You are viewing a plain text version of this content. The canonical link for it is here.

Posted to user@hbase.apache.org by "dong.yajun" <do...@gmail.com> on 2015/08/19 08:11:17 UTC

Which is the fastest way to dump the content of Hbase table?

Hello,

Which is the fastest way to dump  the content of Hbase table to Hdfs?  is
it possible to use the hbase snapshot + Spark to do this?

now we have already use the hbase snapshot + mapreduce-v2(does not via the
Htable) to convert the HFiles to OrcFile, but we found the 'spilling map
output' occupied most of whole time.  so the spark can decrease the cost?

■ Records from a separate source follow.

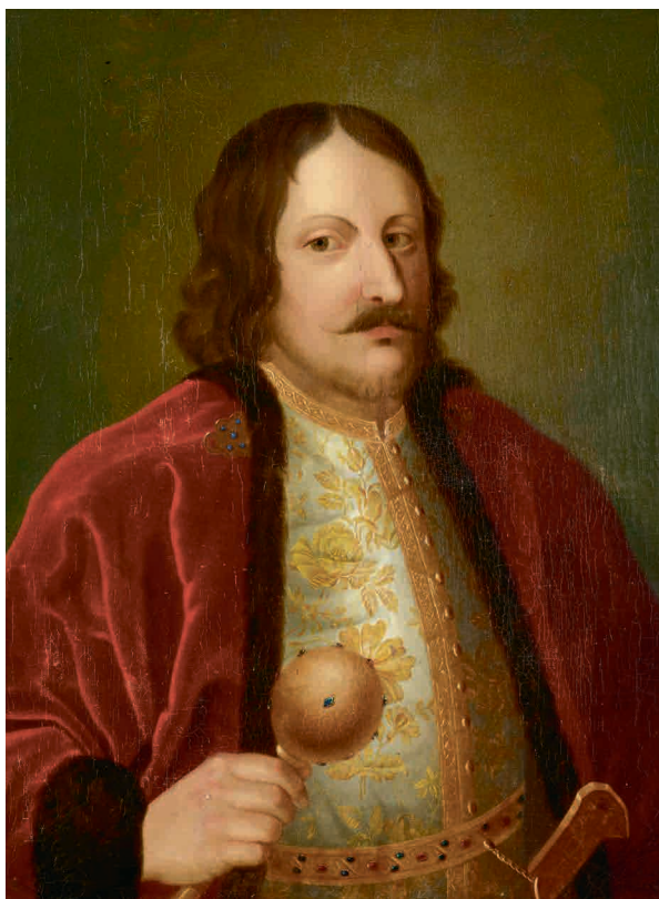
Фотография 1. Портрет князя Василия Васильевича Голицына.

Неизвестный художник. Государственный Эрмитаж, ГЭ-4645.
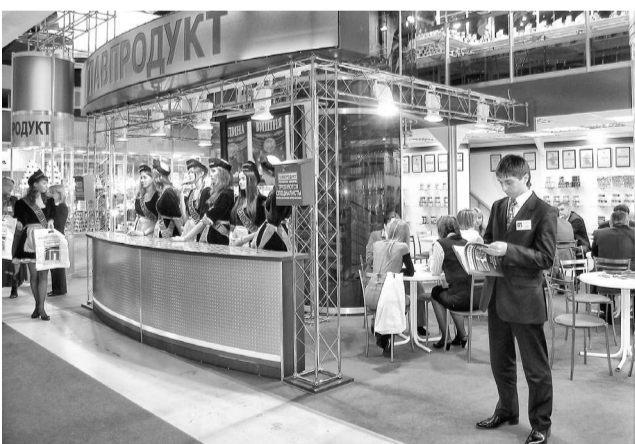
Стенд компании «Главпродукт» на международной выставке «Продэкспо»

Мясные консервы — говядина тушеная, тефтели в томатном соусе, паштеты, каши с мясом — получили высокую оценку международного дегустационного конкурса «Лучший продукт-2013» и были награжде-
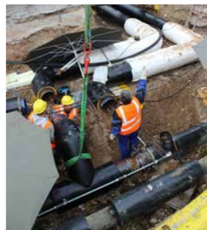
VERBINDUNG DER HEISSWASSERTRASSEN (MITTE SEPTEMBER)

2017 bis 2019 kontinuierlich ausgebaut werden. Wenn dann Ende 2018 das HKW-Lusan und auch das HKW-Tinz ans Netz gehen, werden die alten oberirdischen Dampfrohre nicht mehr gebraucht. Über Jahrzehnte hinweg waren sie in Gera präsent. 2019 gehen die letzten ihrer Art vom Netz und werden innerhalb der folgenden zehn Jahre vollständig aus dem Stadtbild Geras verschwinden.
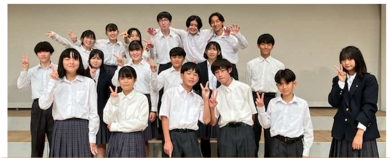
実行委員の皆さん ありがとう！
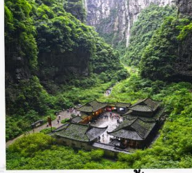
อุทยานหลุมฟ้า สะพานสวรรค์
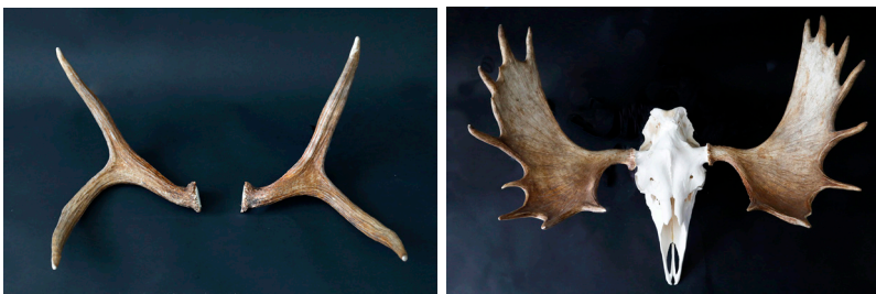
Stånhorn och skovelhorn.

När älgturen nått sin topp, vilket kan ske vid 7–9 års ålder så säger man att den börjar gå på retur. Får den bli äldre så sjunker antalet taggar men grovleken fortsätter öka, liksom spännvidden. Det är dock ovanligt att tjurar blir äldre än så. De flesta tjurar dör betydligt tidigare.
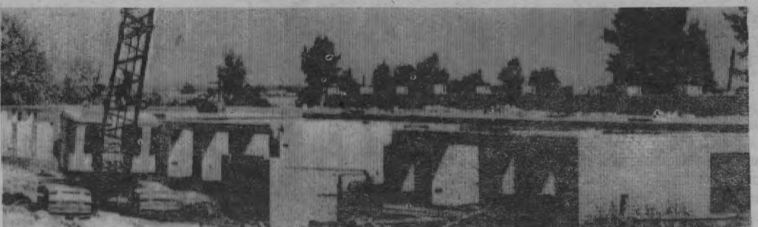
Строится Пижемская участковая больница на 250 мест

map task: read the hfile, and convert it to KeyValues

reduce task: merge the keyvalues of same rowkey

thanks.

-- 
*Ric Dong*

Re: Which is the fastest way to dump the content of Hbase table?

Posted by Ted Yu <yu...@gmail.com>.

bq. 'spilling map output' occupied most of whole time.

Do you mind giving more detail on the above (percentage of job runtime) ?

Which release of hadoop / hbase are you using ?

Cheers

On Tue, Aug 18, 2015 at 11:11 PM, dong.yajun <do...@gmail.com> wrote:

> Hello,
>
> Which is the fastest way to dump  the content of Hbase table to Hdfs?  is
> it possible to use the hbase snapshot + Spark to do this?
>
> now we have already use the hbase snapshot + mapreduce-v2(does not via the
> Htable) to convert the HFiles to OrcFile, but we found the 'spilling map
> output' occupied most of whole time.  so the spark can decrease the cost?
>
> map task: read the hfile, and convert it to KeyValues
>
> reduce task: merge the keyvalues of same rowkey
>
> thanks.
>
> --
> *Ric Dong*
>